Durango Telegraph - DIFF hosts benefit screening of ?The Battle of Algiers?
DIFF hosts benefit screening of ?The Battle of Algiers?

Organizers of the new local independent film festival are heating up the event by hosting a politically heated classic movie. To raise money for its five-day affair in early March, the Durango Independent Film Festival will screen the premier political film of the 1960s, “The Battle of Algiers.”

That it is being shown on Pearl Harbor Day, when the United States memorializes the surprise and treacherous Japanese attack on the fleet center in Hawaii, is no coincidence, says Michele Malach, a DIFF organizer.

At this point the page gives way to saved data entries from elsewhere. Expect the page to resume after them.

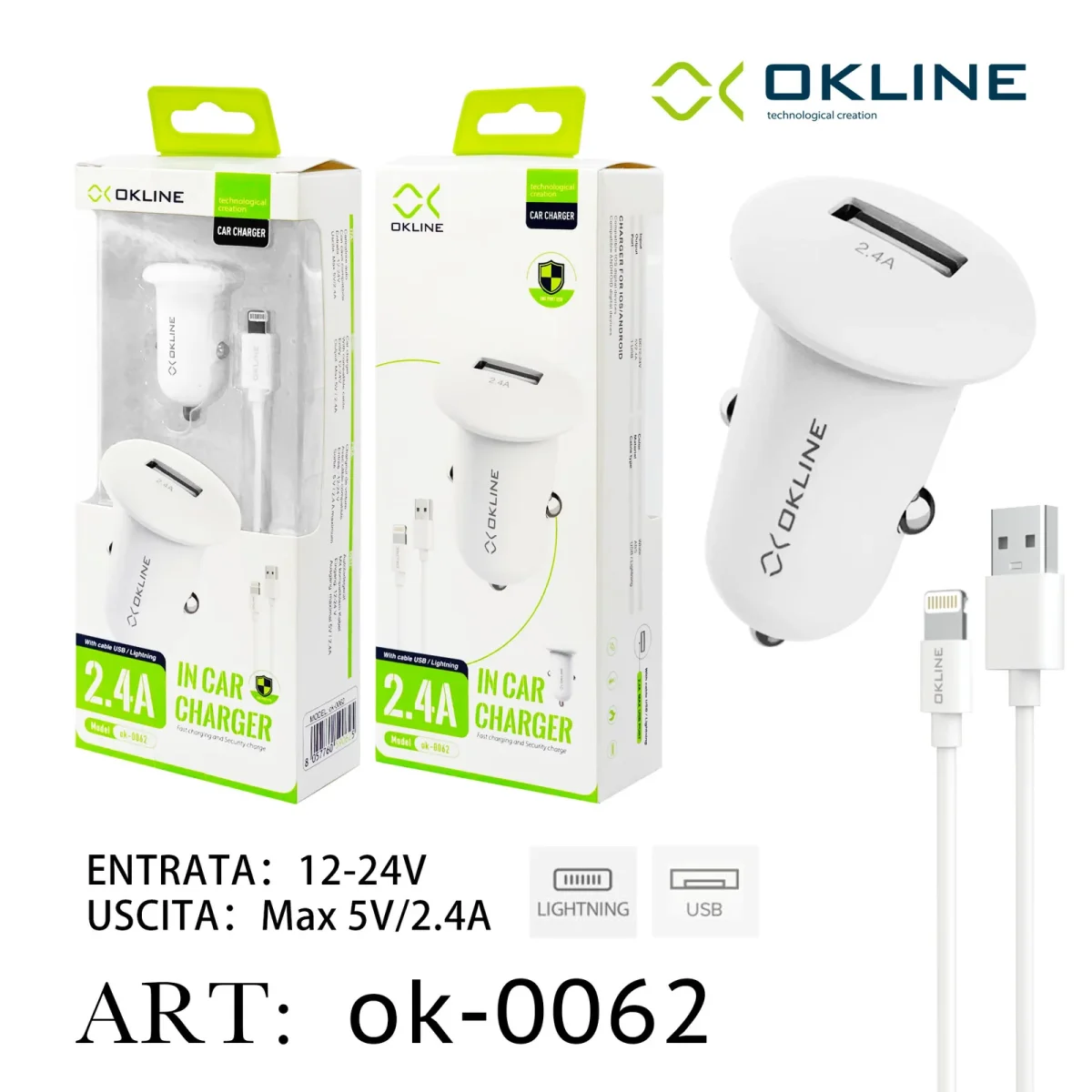 **ART.OK-0062 OKLINE USB Caricatore Auto 2.4A Con Iphone Lightning USB Cavo Bianco GTIN 8057760590625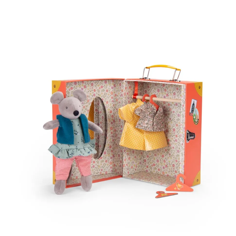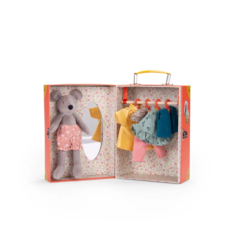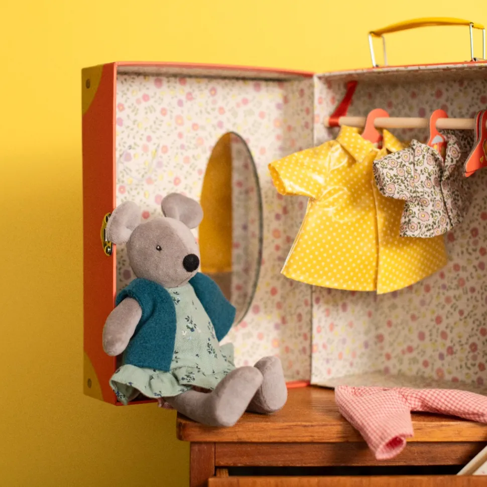 Nini nous invite dans son dressing ! Valise armoire avec miroir intégré, penderie en bois et cintres illustrés, dans laquelle se trouve des habits rangés dans un tiroir. Ciré pour aller sous la pluie, robe ou plutôt pantalon,à vous de choisir sa tenue !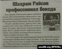Яшнобод суди айбсиз ватандошларни қийноққа солган миршабларни қамоққа йўллади. Отасини жазодан қутқариш учун 20 минг доллар пора берган прокурор қўлга олинди. Рио олимпиадаси совриндори Шаҳрам Ғиёсов профессионал боксга ўтмоқда.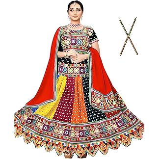 NATKHAT DRESS – Ghaghra Choli With Dandiya Stick for Garba, Ethnic Gujarati Style Cotton Rayon Long Skirt Lehenga With Free Dandiya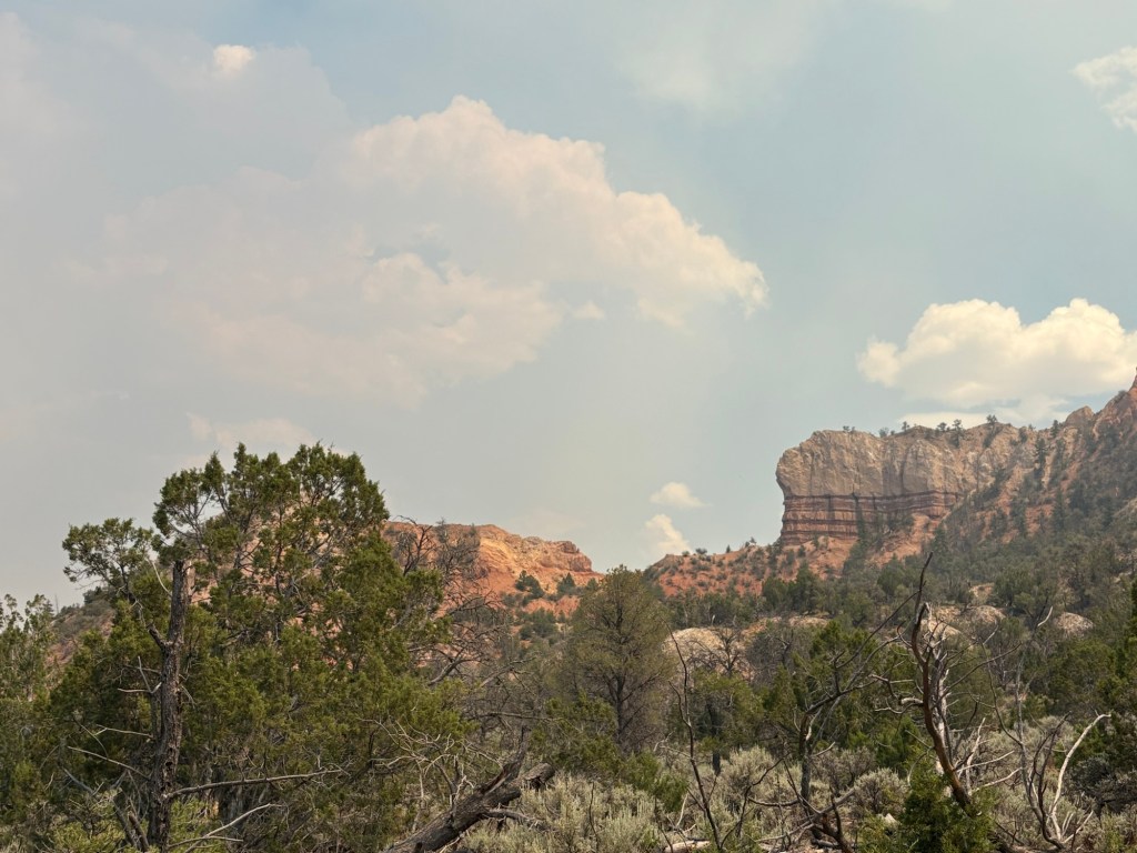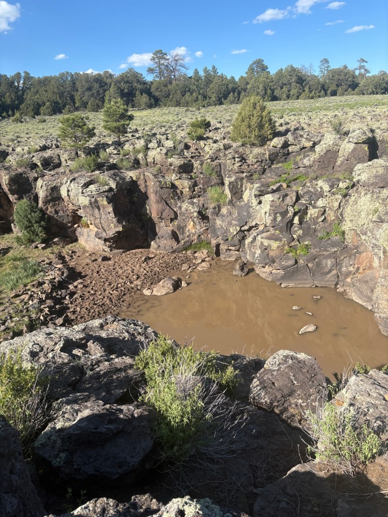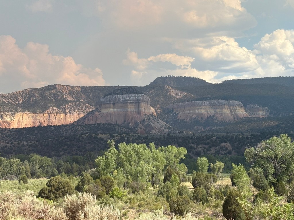 As I worked my way down, I began to see and faintly smell smoke. The smoke was pretty high up in the air and I couldn’t determine where it came from. I knew there were fires to the east, and I’d heard about one to the northwest. I wasn’t really nervous, but I was a little concerned. I stopped for a liter of water at a small stream and continued on. The downhill became much steeper and there were many small stream crossings with steep banks of both sides, similar to the Gila River. Much smaller streams though, and no wet feet. At the bottom, the country opened up, with some terrific views. I stopped for water at another cattle trough; this one was surrounded by bamboo. I hid in the bamboo shade while filtering water. The trail joined a road and continued across the Chama River. From that point the trail diverges. The regular trail goes up hill and the Ghost Ranch alternate heads east along the river. I’m going to Ghost Ranch, since I mailed a supply box there. After about two miles I came to Whirlpool Dispersed campground. Lots of tents sites tucked away; no designated spots. There is a pit toilet. I should be in Ghost Ranch tomorrow morning. I’ll do a blister check and see if I feel like leaving the same day. If not, I may overnight and leave very early the next morning.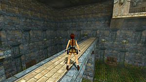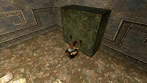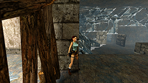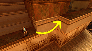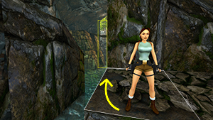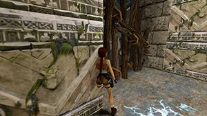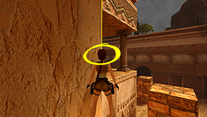 Tout comme le corner bug et le saut entre deux textures, l'impact de Lara entre une pente et un mur lui permet de se téléporter tout en haut de ce dernier.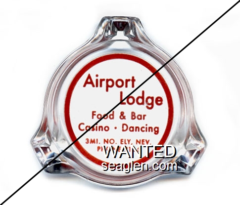 AIR-A1 Airport Lodge 3 1/2" Clear Glass Ashtray "Airport Lodge, Food & Bar, Casino - Dancing, 3 Mi. No. Ely, Nev., Phone 2144" - Red |
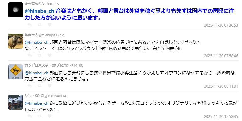 也有人認為:「電影跟舞台應該先把國內市場振興好吧,根本還談不到出口。」、「動畫跟遊戲的品質明明越做越好,但創作者的待遇卻沒跟上。」、「日本的 IP(動畫、遊戲、漫畫)是很強的文化輸出武器,連外國人想學日文、想來日本玩的契機都是靠它們。」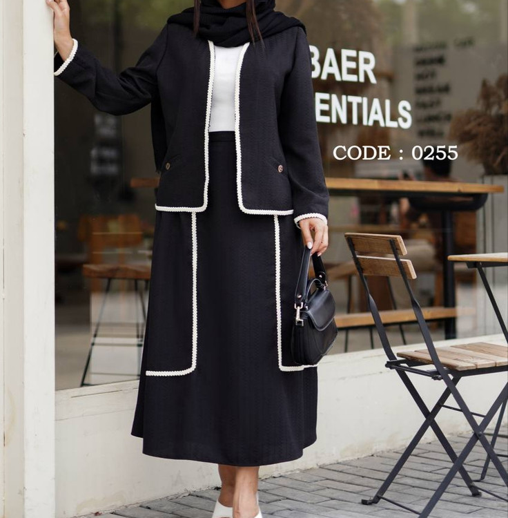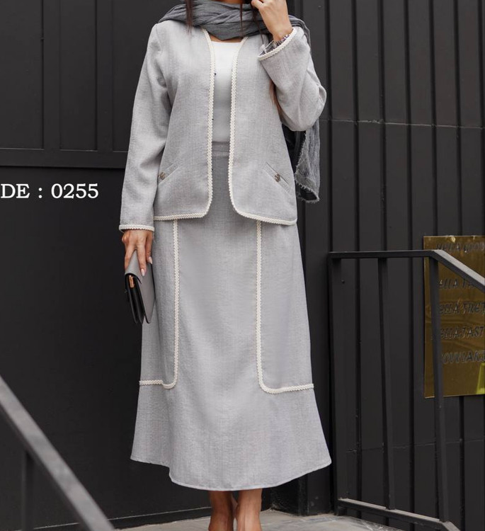 • جزئیات دوخت: نوار دوزی حرفهای در حاشیه کت، سرآستین و نمای جلوی دامن

The somewhat obscure but revolutionary film is relevant for our time, Malach explains. In it, Italian director Gillo Pontecorvo re-enacts the clash between the French troops and the Algerian nationalists, whose National Liberation Front guerillas fight to secure independence. The film contrasts the French’s use of torture with the Algerian’s shocking use of bombs in soda shops. Filmed in 1965, the movie came at an emotional time during the Vietnam War. Over time, the movie has become a kind of instruction for what Malach calls “how not to fight native insurgencies.”

Then and now, “The Battle of Algiers” stands to show the dubious efficacy of using brutal and repressive tactics when fighting terrorism. It especially highlights the international fallout of leading a campaign of torture and murder. The film is powerful enough that in 2003, shortly after the United States declared victory in its fight against Iraq, special operations chiefs watched it at a Pentagon screening. The intent, government figureheads offered, was to study history of how the French had a tactical plan to fight terrorism but their strategy tanked.

Given the continuing U.S. occupation in Iraq, DIFF organizers felt the notorious film would draw viewers who enjoy such classics, as well as encourage discussion of the country’s current warfare.

“The parallels of this film (with the U.S.-Iraqi war) are so obvious as to be almost painful,” explains Malach.

After the film’s showing, a panel of local film critics and experts at Fort Lewis College will chat up the film and the current U.S. military approach to the War in Iraq.